__Brief__:
Below are some lines of data. Return all of them as they are.

__Dataset content__:
_ _ _ _ _ _ _
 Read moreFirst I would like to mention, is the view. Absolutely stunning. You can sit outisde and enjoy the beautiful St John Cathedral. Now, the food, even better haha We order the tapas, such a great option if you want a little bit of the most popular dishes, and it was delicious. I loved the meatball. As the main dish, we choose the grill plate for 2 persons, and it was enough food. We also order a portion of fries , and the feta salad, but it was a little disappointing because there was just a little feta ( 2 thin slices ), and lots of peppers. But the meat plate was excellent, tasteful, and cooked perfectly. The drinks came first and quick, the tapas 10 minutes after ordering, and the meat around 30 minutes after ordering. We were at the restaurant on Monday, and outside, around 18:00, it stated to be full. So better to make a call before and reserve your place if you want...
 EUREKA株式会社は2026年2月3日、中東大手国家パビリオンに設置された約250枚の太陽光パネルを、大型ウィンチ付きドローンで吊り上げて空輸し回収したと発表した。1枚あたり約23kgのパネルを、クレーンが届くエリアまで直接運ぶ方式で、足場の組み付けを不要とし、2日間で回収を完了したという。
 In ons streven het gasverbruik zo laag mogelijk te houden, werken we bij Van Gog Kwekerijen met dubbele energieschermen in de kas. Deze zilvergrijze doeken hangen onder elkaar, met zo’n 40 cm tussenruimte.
_ _ _ _ _ _ _
__Solved problem__:
 Read moreFirst I would like to mention, is the view. Absolutely stunning. You can sit outisde and enjoy the beautiful St John Cathedral. Now, the food, even better haha We order the tapas, such a great option if you want a little bit of the most popular dishes, and it was delicious. I loved the meatball. As the main dish, we choose the grill plate for 2 persons, and it was enough food. We also order a portion of fries , and the feta salad, but it was a little disappointing because there was just a little feta ( 2 thin slices ), and lots of peppers. But the meat plate was excellent, tasteful, and cooked perfectly. The drinks came first and quick, the tapas 10 minutes after ordering, and the meat around 30 minutes after ordering. We were at the restaurant on Monday, and outside, around 18:00, it stated to be full. So better to make a call before and reserve your place if you want...
 EUREKA株式会社は2026年2月3日、中東大手国家パビリオンに設置された約250枚の太陽光パネルを、大型ウィンチ付きドローンで吊り上げて空輸し回収したと発表した。1枚あたり約23kgのパネルを、クレーンが届くエリアまで直接運ぶ方式で、足場の組み付けを不要とし、2日間で回収を完了したという。
 In ons streven het gasverbruik zo laag mogelijk te houden, werken we bij Van Gog Kwekerijen met dubbele energieschermen in de kas. Deze zilvergrijze doeken hangen onder elkaar, met zo’n 40 cm tussenruimte.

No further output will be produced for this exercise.